_Records supplied_:
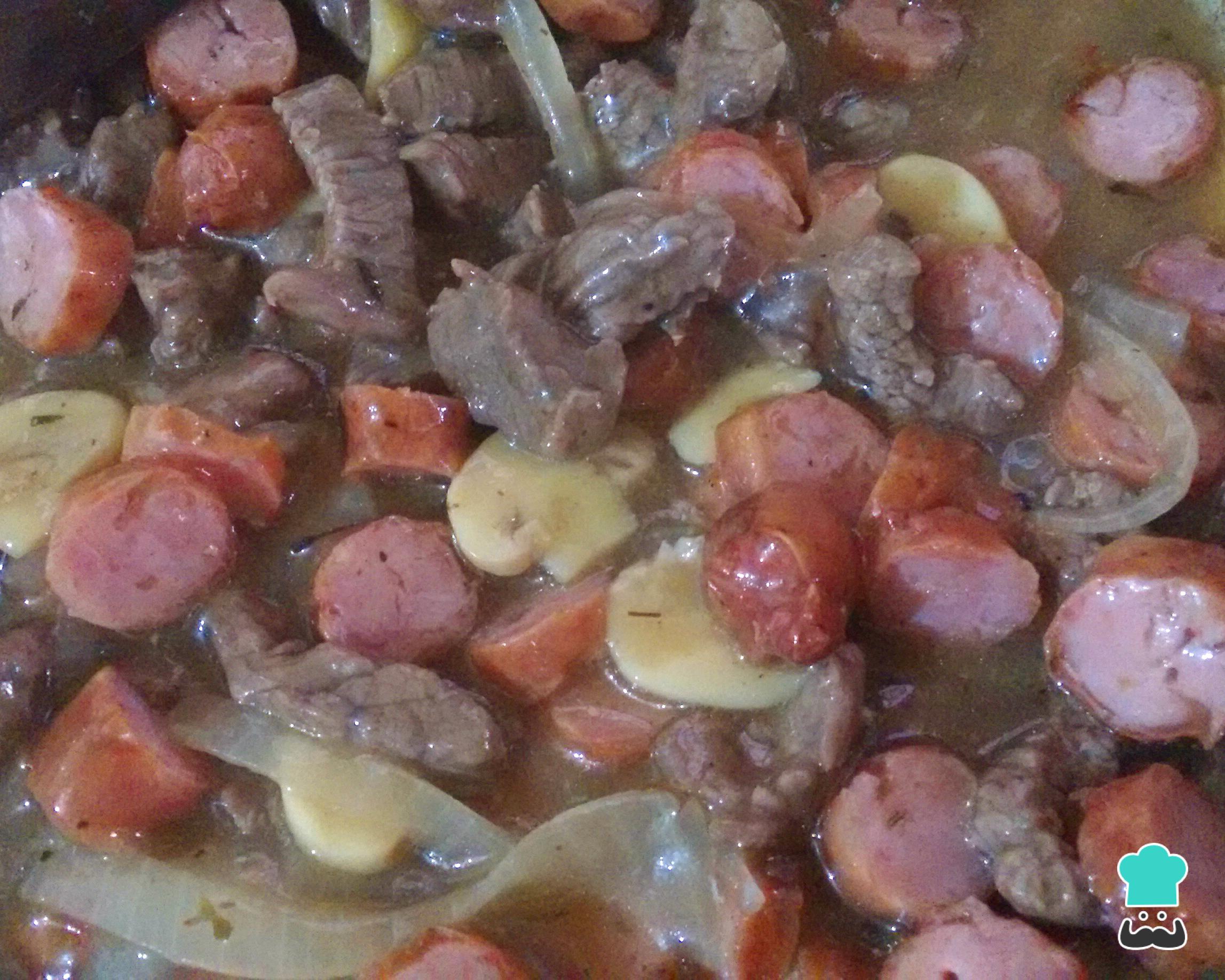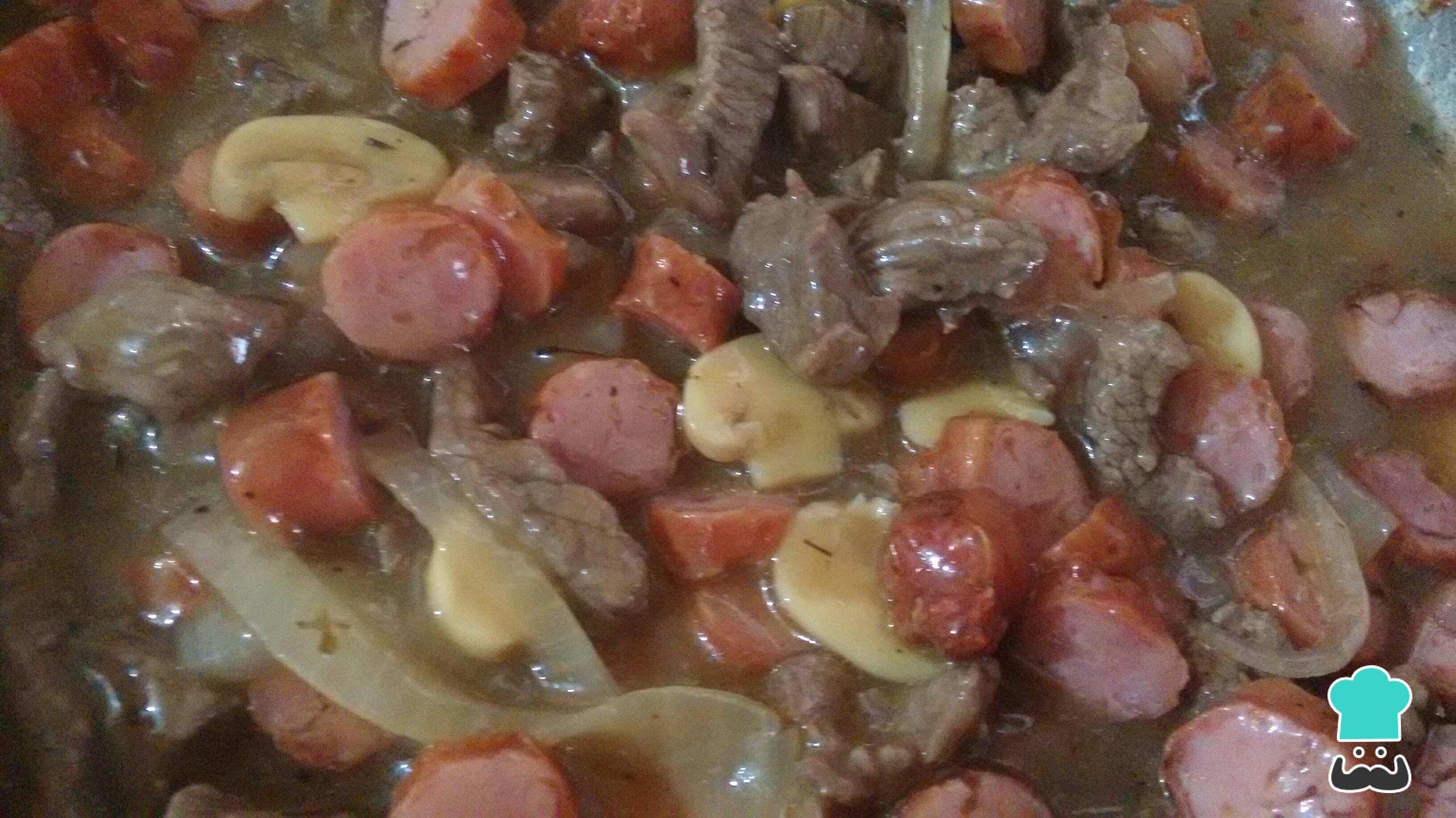 Junte ao molho a calabresa picada em rodelas e a carne, deixe mais um minuto no fogo e pode servir! Saboreie esta receita de coxão mole ao molho acebolado acompanhando com farofa de feijão com couve e bacon ou quiabo refogado com molho. Bom apetite e diga nos cometários o que você achou!
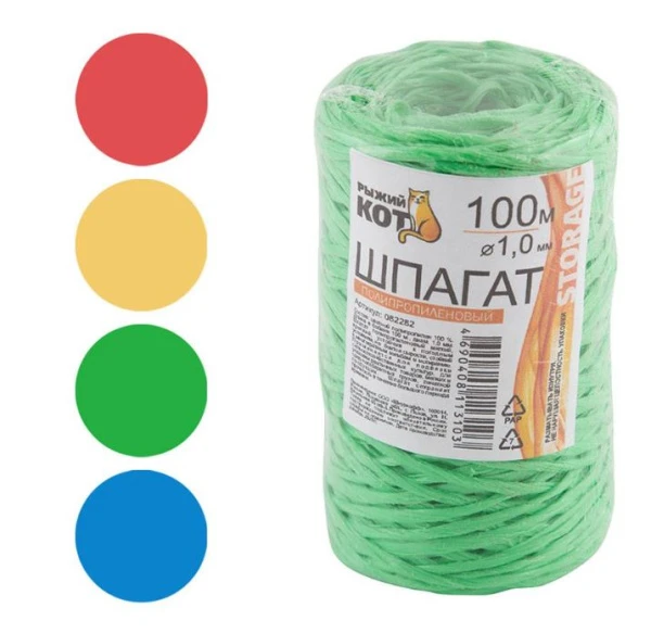 Шпагат ПП Рыжий кот бобина диаметр 1.0мм 100м. ассорти (1/5/165)
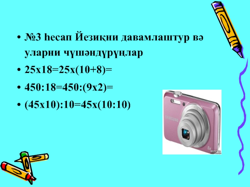№3 һесап Йезиқни давамлаштур вә уларни чүшәндүрүңлар25х18=25х(10+8)=450:18=450:(9х2)=(45х10):10=45х(10:10)
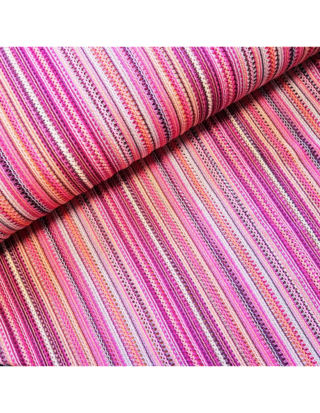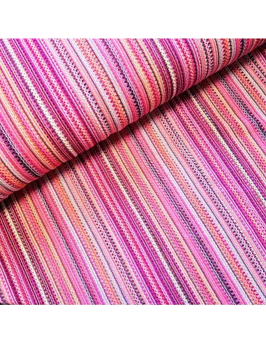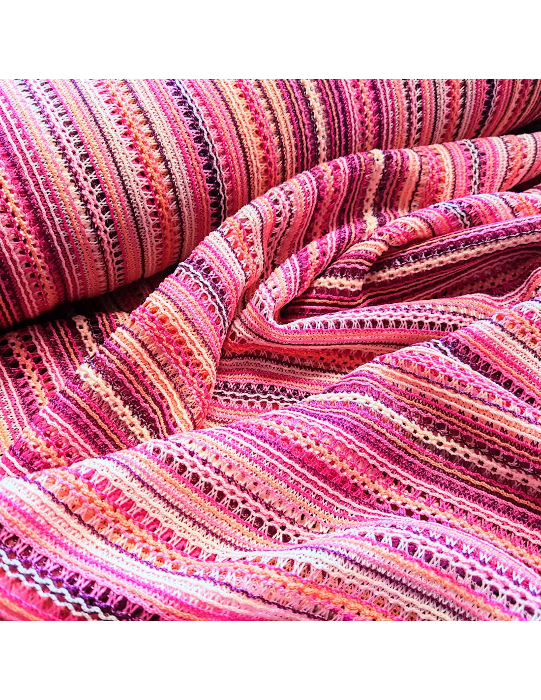 Filet macramé aux rayures dans les tons de roses. Il est souple et légèrement extensible de par son tissage et son élasthanne. Il sera parfait pour l'habillement ou pour un sac par exemple.
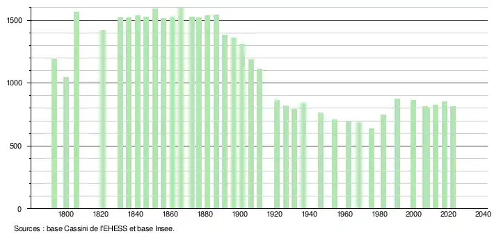 L'évolution du nombre d'habitants est connue à travers les recensements de la population effectués dans la commune depuis 1793. Pour les communes de moins de 10 000 habitants, une enquête de recensement portant sur toute la population est réalisée tous les cinq ans, les populations de référence des années intermédiaires étant quant à elles estimées par interpolation ou extrapolation[16]. Pour la commune, le premier recensement exhaustif entrant dans le cadre du nouveau dispositif a été réalisé en 2007[17].
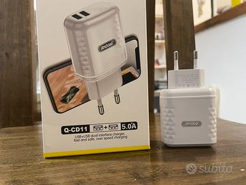 Caricabatteria per cellulare e vari dispositivi. Doppia uscita, carica veloce, 18W, massimo 5.0A
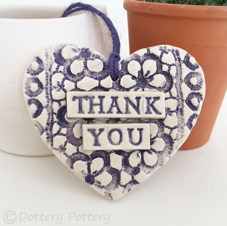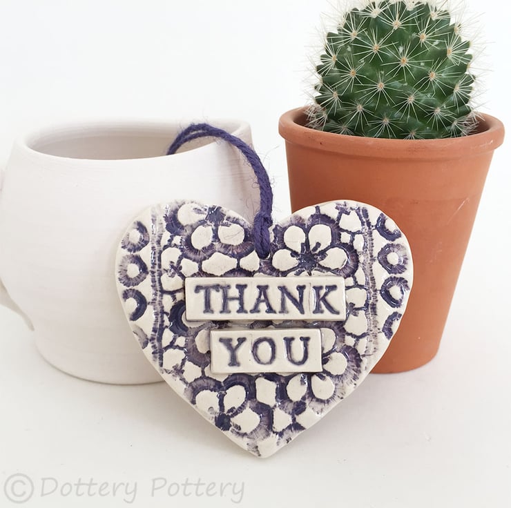 Pottery Thank You heart with flower design. This little heart is made from white earthenware clay and decorated with a bright floral design. It has then been fired once, glazed and fired again. It measures 8cm wide x 7 cm high and 1cm deep.
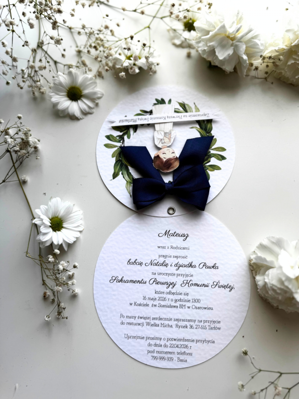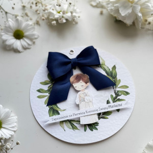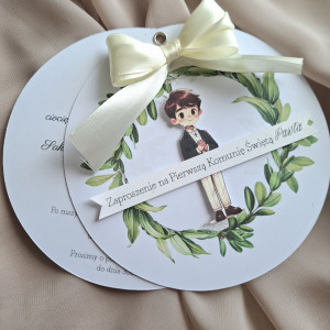Na przodzie nadruk wianka, postać chłopca naklejona przestrzennie i kokardką z satynowej wstażki.
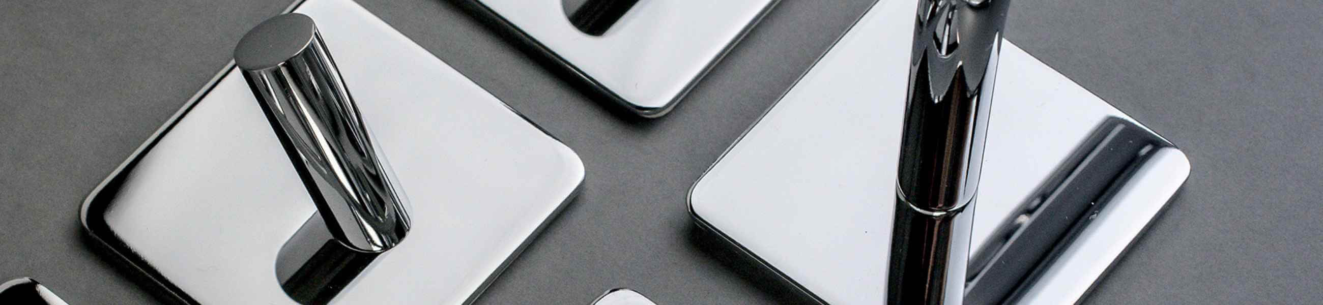 Vill du få ett nytt badrum av små detaljer? Vi har gjort det enkelt och i våra badrumsset finns allt du behöver till ditt badrum. Våra badrumsset innehåller badrumsdetaljer såsom; självhäftande krokar, toaborste, reservpappershållare och toalettrullehållare. Alla produkter har självhäftande 3M-tejp på baksidan vilket gör att de är enkla att montera och du behöver inte några verktyg eller borra hål i väggen. Våra kit finns i 4 olika utföranden; Krom, mattsvart, rostfritt stål och polerad mässing, så du enkelt kan hitta ett badrumsset som passar din inredning och stil.
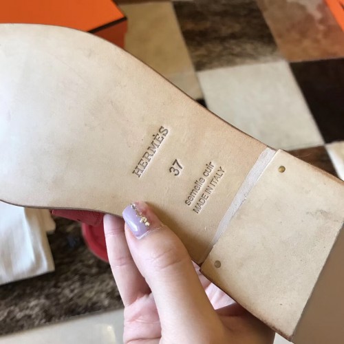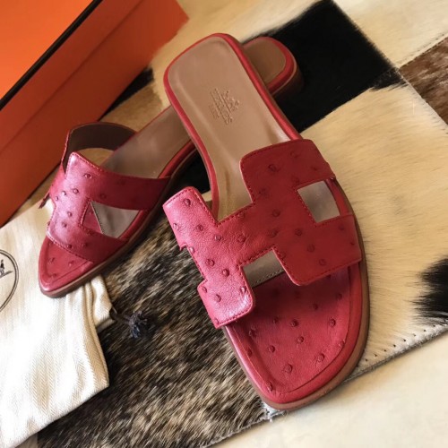 Hermes Oran Sandals In Red Ostrich Leather
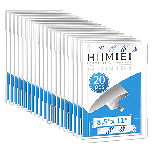 HIIMIEI 20 Pack Clear Acrylic Wall Mount 8.5x11 Sign Holder, Portrait Door Plexiglass Display Sign Holder Adhesive with 3M Tape, Plastic Photo Ads Frames Used in Office Hospital Hotel Store
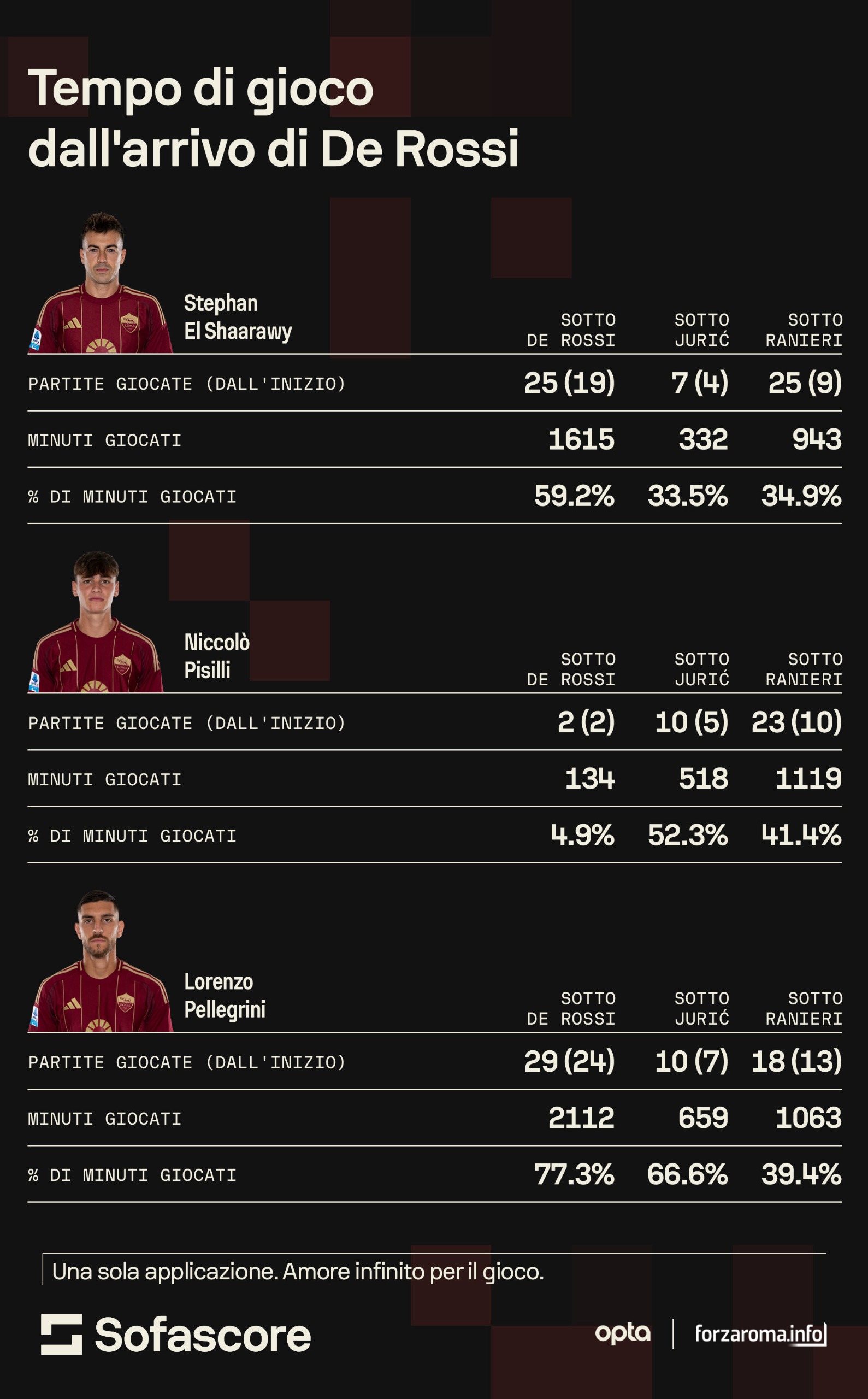 Lo spazio ridotto è dovuto poi anche al rientro di Bryan Cristante, che nel periodo di massimo impiego di Pisilli era infortunato. Ora il numero 4 è tornato stabilmente nelle rotazioni, spesso titolare, togliendo parecchi minuti al compagno più giovane. Fa parte della crescita. Però è in generale con Ranieri il prodotto del settore giovanile giallorosso ha trovato meno spazio, soprattutto rispetto a quanto ne ha avuto con Ivan Juric. Come testimoniano i numeri di 'Sofascore', con il croato 5 partite da titolare su 10 presenze e il 52,3% dei minuti in campo. Con sir Claudio questa stessa percentuale è scesa a 41,4% con 10 partite dal 1' sui 23 gettoni totali. E senza le coppe è probabile che da qui a fine stagione cali ancora. Sempre meglio di Pellegrini, che ha giocato più match da titolare (13) ma ha meno presenze totali sotto Ranieri (18) e meno minuti (1063 contro 1119). Si vedrà nel mercato estivo come cambierà la rosa della Roma, se i vari Cristante e Paredes faranno effettivamente le valigie e chi poi arriverà. Pisilli dovrà in qualche modo ripartire per dimostrare di meritare certe cifre e tornare a ritagliarsi un ruolo importante anche con il nuovo allenatore.

_Work task_:
Quote each record exactly as it stands, minus the pictures.

_Solution to this problem_:
 Junte ao molho a calabresa picada em rodelas e a carne, deixe mais um minuto no fogo e pode servir! Saboreie esta receita de coxão mole ao molho acebolado acompanhando com farofa de feijão com couve e bacon ou quiabo refogado com molho. Bom apetite e diga nos cometários o que você achou!
 Шпагат ПП Рыжий кот бобина диаметр 1.0мм 100м. ассорти (1/5/165)
№3 һесап Йезиқни давамлаштур вә уларни чүшәндүрүңлар25х18=25х(10+8)=450:18=450:(9х2)=(45х10):10=45х(10:10)
 Filet macramé aux rayures dans les tons de roses. Il est souple et légèrement extensible de par son tissage et son élasthanne. Il sera parfait pour l'habillement ou pour un sac par exemple.
 L'évolution du nombre d'habitants est connue à travers les recensements de la population effectués dans la commune depuis 1793. Pour les communes de moins de 10 000 habitants, une enquête de recensement portant sur toute la population est réalisée tous les cinq ans, les populations de référence des années intermédiaires étant quant à elles estimées par interpolation ou extrapolation[16]. Pour la commune, le premier recensement exhaustif entrant dans le cadre du nouveau dispositif a été réalisé en 2007[17].
 Caricabatteria per cellulare e vari dispositivi. Doppia uscita, carica veloce, 18W, massimo 5.0A
 Pottery Thank You heart with flower design. This little heart is made from white earthenware clay and decorated with a bright floral design. It has then been fired once, glazed and fired again. It measures 8cm wide x 7 cm high and 1cm deep.
Na przodzie nadruk wianka, postać chłopca naklejona przestrzennie i kokardką z satynowej wstażki.
 Vill du få ett nytt badrum av små detaljer? Vi har gjort det enkelt och i våra badrumsset finns allt du behöver till ditt badrum. Våra badrumsset innehåller badrumsdetaljer såsom; självhäftande krokar, toaborste, reservpappershållare och toalettrullehållare. Alla produkter har självhäftande 3M-tejp på baksidan vilket gör att de är enkla att montera och du behöver inte några verktyg eller borra hål i väggen. Våra kit finns i 4 olika utföranden; Krom, mattsvart, rostfritt stål och polerad mässing, så du enkelt kan hitta ett badrumsset som passar din inredning och stil.
 Hermes Oran Sandals In Red Ostrich Leather
 HIIMIEI 20 Pack Clear Acrylic Wall Mount 8.5x11 Sign Holder, Portrait Door Plexiglass Display Sign Holder Adhesive with 3M Tape, Plastic Photo Ads Frames Used in Office Hospital Hotel Store
 Lo spazio ridotto è dovuto poi anche al rientro di Bryan Cristante, che nel periodo di massimo impiego di Pisilli era infortunato. Ora il numero 4 è tornato stabilmente nelle rotazioni, spesso titolare, togliendo parecchi minuti al compagno più giovane. Fa parte della crescita. Però è in generale con Ranieri il prodotto del settore giovanile giallorosso ha trovato meno spazio, soprattutto rispetto a quanto ne ha avuto con Ivan Juric. Come testimoniano i numeri di 'Sofascore', con il croato 5 partite da titolare su 10 presenze e il 52,3% dei minuti in campo. Con sir Claudio questa stessa percentuale è scesa a 41,4% con 10 partite dal 1' sui 23 gettoni totali. E senza le coppe è probabile che da qui a fine stagione cali ancora. Sempre meglio di Pellegrini, che ha giocato più match da titolare (13) ma ha meno presenze totali sotto Ranieri (18) e meno minuti (1063 contro 1119). Si vedrà nel mercato estivo come cambierà la rosa della Roma, se i vari Cristante e Paredes faranno effettivamente le valigie e chi poi arriverà. Pisilli dovrà in qualche modo ripartire per dimostrare di meritare certe cifre e tornare a ritagliarsi un ruolo importante anche con il nuovo allenatore.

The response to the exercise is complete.